Dasatinib is a small-molecule, ATP-competitive inhibitor of c-Abl and src tyrosine kinases. We evaluated the dasatinib sensitivity in miR-3127-5p or inhibitor transduced A549 or H292. Interestingly, we found that cells that overexpress miR-3127-5p were much more resistant to dasatinib than control cells; the IC50 value (the half-maximum growth inhibitory concentration) for A549 cells that overexpress miR-3127-5p was 15.0 μg/mL compared to 9.5 μg/mL for control A549 cells and 0.4 μg/mL compared to 0.06 μg/mL for H292 cells. In contrast, miR-3127-5p inhibitor resulted in enhanced sensitivity to dasatinib with IC50 of 0.5 μg/mL compared to 9.5 μg/mL for A549 cells and IC50 of 0.02 μg/mL compared to 0.06 μg/mL for H292 cells (Figure 6A, p < 0.01, repeated measure ANOVA). In H292 cells that harbor wild-type K-Ras, overexpression of miR-3127-5p enhanced resistance by approximately 7 fold, a significantly greater enhancement than observed in A549 cells harboring the K-Ras G12 mutation. The results imply that lower miR-3127-5p expression levels contribute to dasatinib sensitivity, suggesting that miR-3127-5p may be a candidate biomarker for prediction of dasatinib sensitivity in NSCLC.

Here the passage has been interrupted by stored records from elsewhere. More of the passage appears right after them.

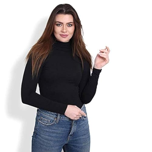 COMODO - Comodo Full Sleeve High Neck Black Cotton Blend Women's Casual Solid Adult
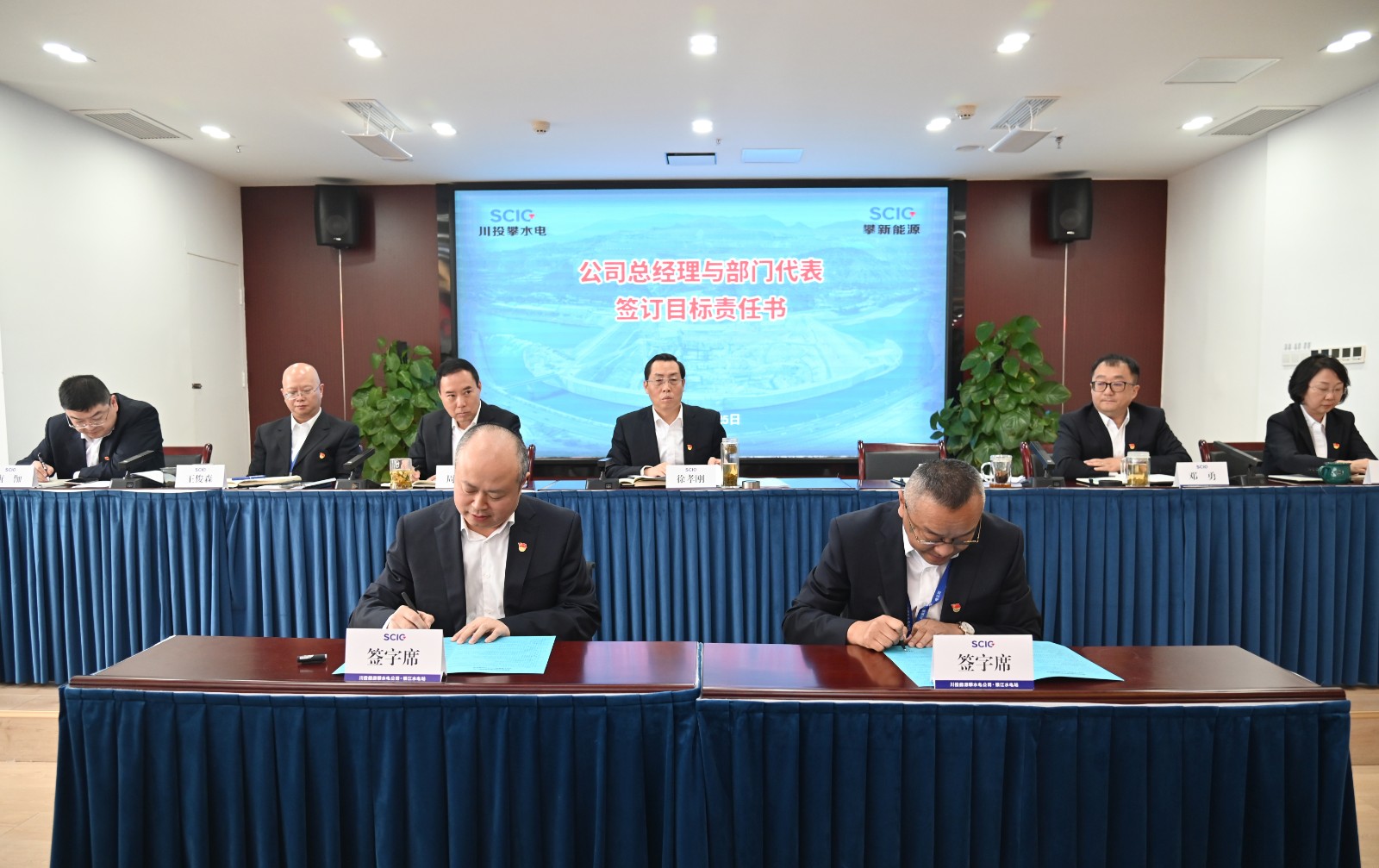 會(huì)議傳達(dá)學(xué)習(xí)了川投集團(tuán)、川投能源2023年工作會(huì)精神;攀水電公司總經(jīng)理吳巍嶼和攀新能源公司總經(jīng)理周軍分別作了兩公司2022年工作總結(jié)及2023年工作計(jì)劃的報(bào)告,全面總結(jié)了2022年各項(xiàng)目標(biāo)任務(wù)完成情況,分析了當(dāng)前面臨的形勢(shì)和問(wèn)題,分解下達(dá)了2023年主要目標(biāo)任務(wù),提出了主要工作舉措。按照董事會(huì)授權(quán),吳巍嶼總經(jīng)理與攀水電公司部門代表簽訂了《2023年度部門目標(biāo)責(zé)任書》;部門及參建單位代表分別作了表態(tài)發(fā)言。
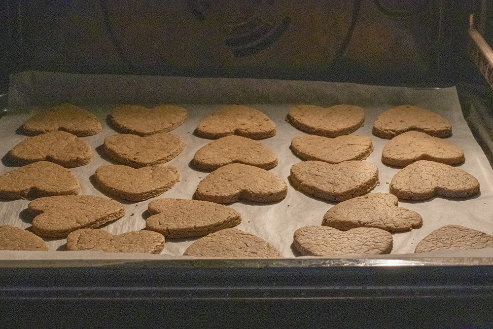От това количество тесто аз изрязах 23 бисквити-сърца с размер 7 на 7.5 см.
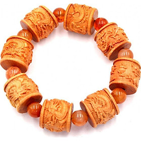 Kích thước : 8 hạt gỗ khắc hình trụ rồng 20mm x 20mm, đá vân rồng : 10 ly, vòng chuỗi dài 240mm
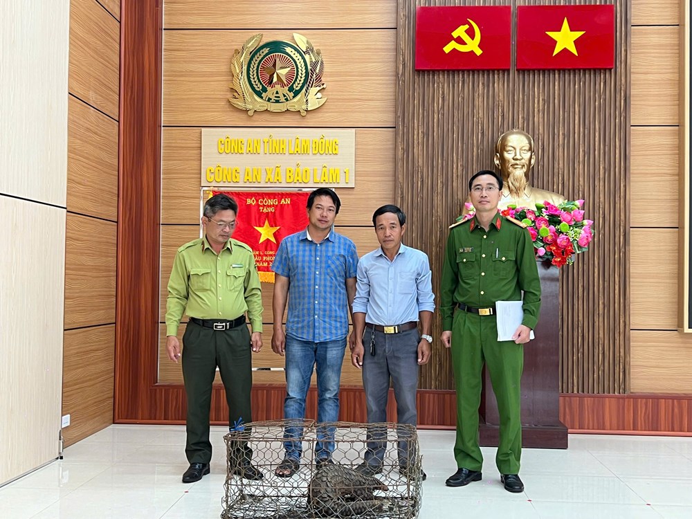 Tiếp nhận cá thể tê tê, lực lượng Công an xã Bảo Lâm 1 ghi nhận và biểu dương tinh thần trách nhiệm, sự chủ động của người dân trong việc chung tay bảo vệ tài nguyên rừng và đa dạng sinh học.
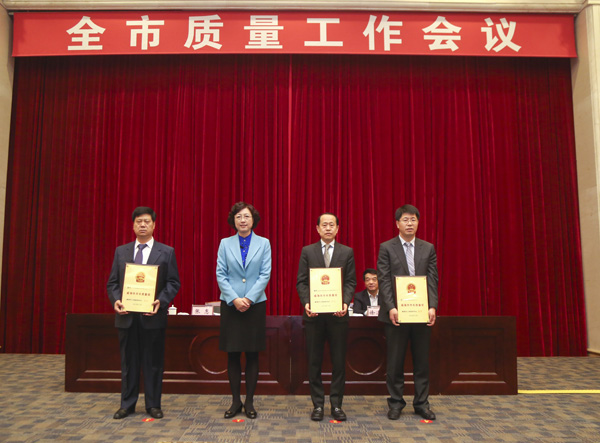 2016年3月30日,全市質(zhì)量工作會議在東山賓館召開。會上,對榮獲2015年度威海市市長質(zhì)量獎的3家企業(yè)及2名個人進行了表彰。聯(lián)橋集團榜上有名,喜獲威海市質(zhì)量領(lǐng)域最高獎,集團公司董事長慕镕鍵參加了頒獎儀式,接受了張惠市長親自頒發(fā)的榮譽獎牌。
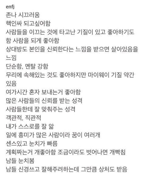 enfj라는데 ㅋㅋㅋㅋㅋㅋ 설명이랑 개똑같아 ㅋㅋㅋ 귀엽 ㅠㅠ
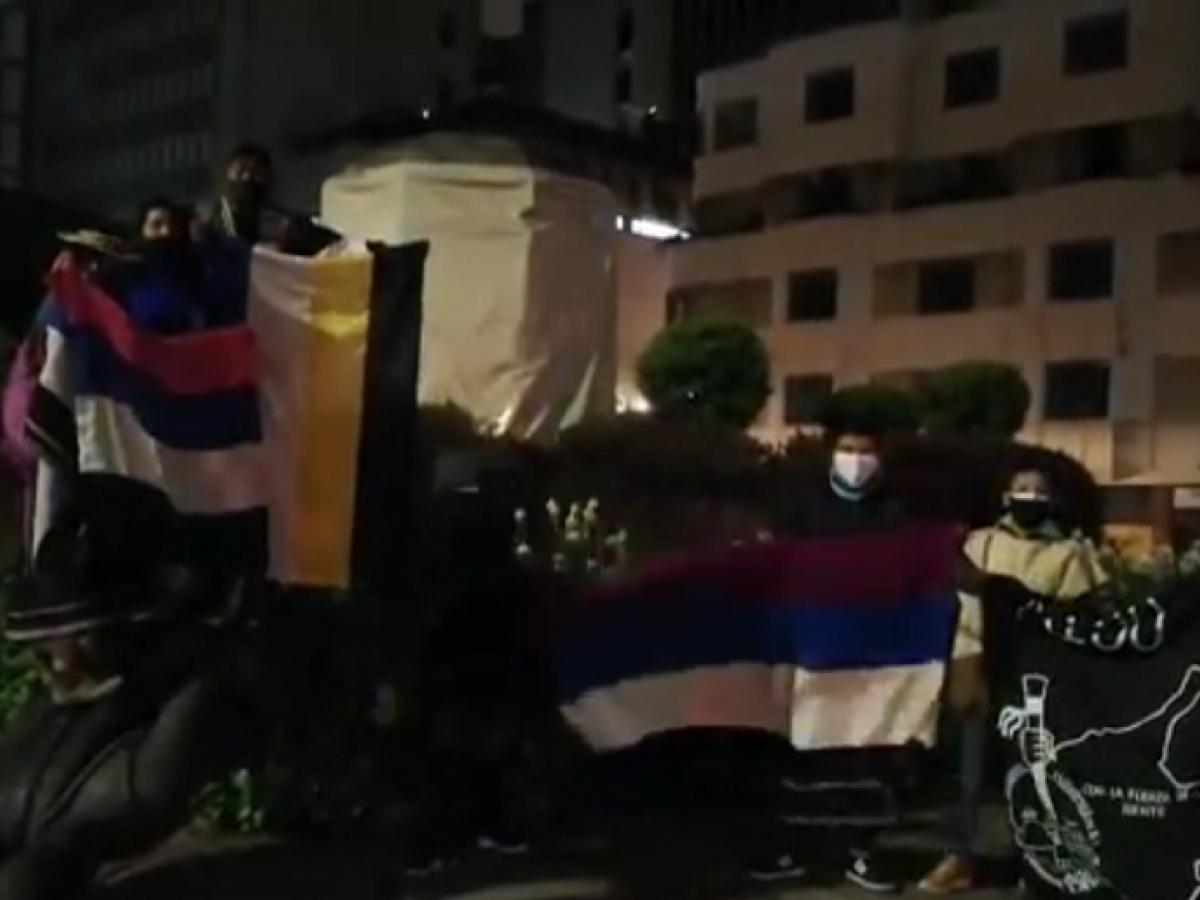 Indígenas Misak derribaron estatua de Gonzalo Jiménez de Quesada en Bogotá
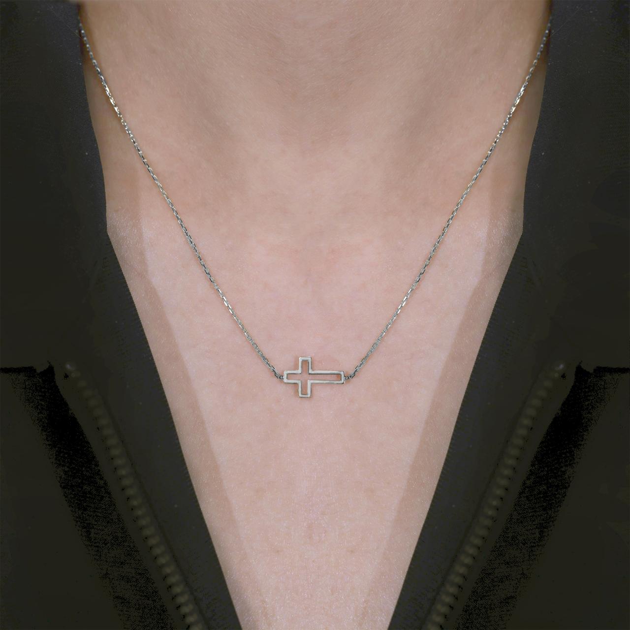 18ct white gold cross on chain necklace
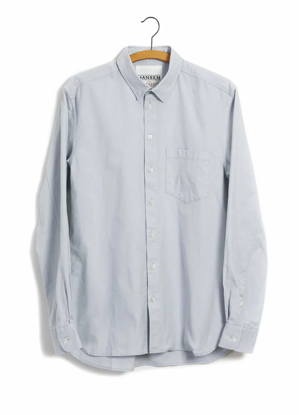 HAAKON is a classic slightly formal shirt with a hidden button-down collar, a chest pocket and a French placket. It is the ideal ‘wear with a tie’ shirt. The fit is towards slim but still relaxed. It is sewn with French seams all over and has natural Mother of Pearl buttons.
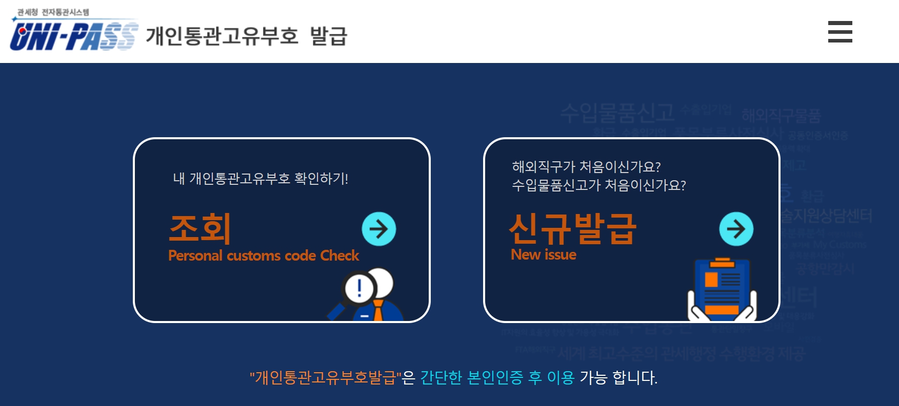 먼저 관세청 유니패스 공식 홈페이지에 접속합니다.
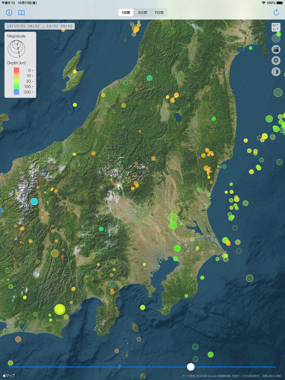 - Visualize the tendency of the earthquake occurrence in an easy-to-understand manner by operating the slider. Automatic playback is also available.
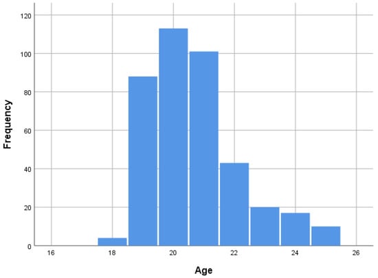 The age of the sample was between 18 and 25 years; μo and Mdn are 20, M = 20.68, and SD = 1.506 (Figure 1).
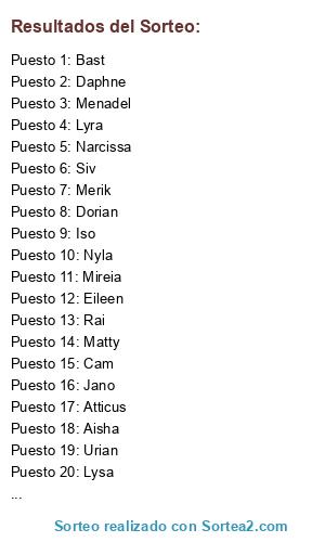 Lista de participantes: Siv, Nyla, Iso, Mireia, Atticus, Dorian, Eileen, Zarek, Bast, Lysa, Aisha, Cam, Daphne, Jano, Jean, Urian, Menadel, Lyra, Merik, Narcissa, Rai, Matty.
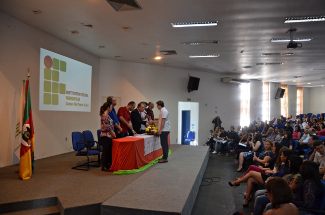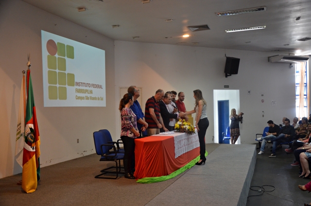 Realizou-se, no dia 14.10.2016, a Formatura de Gabinete de 5 Cursos Superiores, do IFFAR Câmpus São Vicente do Sul. Ao todo foram 23 formandos dos cursos de Tecnologias em: Análise e Desenvolvimento de Sistemas, Irrigação e Drenagem e Gestão Pública e Licenciaturas em: Ciências Biológicas e Quimica.

To confirm the association of miR-3127-5p expression level with dasatinib sensitivity, we examined the miR-3127-5p, c-Abl protein expression and dasatinib IC50 in 14 NSCLC cell lines. We found that miR-3127-5p expression was linearly associated with dasatinib IC50 for the 11 NSCLC cell lines without the Ras G12 mutation (i.e., A549[G12S], H23[G12C] and H358[G12C]) (Figure 6B, E, F, Pearson's correlation, p < 0.01, r2 = 0.895). MiR-3127-5p expression was also negatively related to c-Abl protein level in the NSCLC cell lines without K-Ras condon 12 mutation (Figure 6C, D, Pearson's correlation, p < 0.01, r2 = 0.433). Reduced miR-3127-5p expression means higher sensitivity to dasatinib in NSCLC cell lines without K-Ras codon 12 mutant.
Discussion
We validated the expression of miR-3127-5p, miR-3940-5p, miR-4294 and miR-4447 in NSCLC samples. Our data show that miR-3127-5p is associated with prognosis of NSCLC patients and acts as a tumor suppressor in NSCLC. miR-3127-5p expression was significantly decreased in tumor tissue from patients with recurrent NSCLC as compared to levels in primary tumors. Levels of miR-3127-5p were also lower in tumor tissues than in tumor-adjacent and normal tissues in samples from 177 patients with NSCLC. Reduced miR-3127-5p expression was markedly associated with advanced stage NSCLC. Ki-67, a marker for proliferation of tumor cells, is strictly associated with cell proliferation and present during all active phases of the cell cycle, but absent from resting cells18. We found that miR-3127-5p was down-regulated in Ki-67-positive NSCLC specimens, further suggesting that miR3127-5p is involved tumor cell proliferation. Finally, reduced expression of miR-3127-5p is associated with poor prognosis in NSCLC patients. The 2-year overall survival was only 58% in the patient group with low levels of miR-3127-5p expression but was 82% in the group with high expression levels (p < 0.05). The overexpression of miR-3127-5p in NSCLC cells significantly reduced tumor cell proliferation in both in vitro experiments and a xenograft animal model, whereas inhibition of miR-3127 expression promoted tumor cell proliferation. We also demonstrated that miR-3127-5p acts as a negative regulator of cellular metastatic potential, motility and invasion were reduced in cells engineered to overexpress miR-3127-5p. Based on these observations, we conclude that miR-3127-5p acts as a tumor suppressor gene. To the best of our knowledge, this is the first report that correlates miR-3127-5p with tumorigenic potential.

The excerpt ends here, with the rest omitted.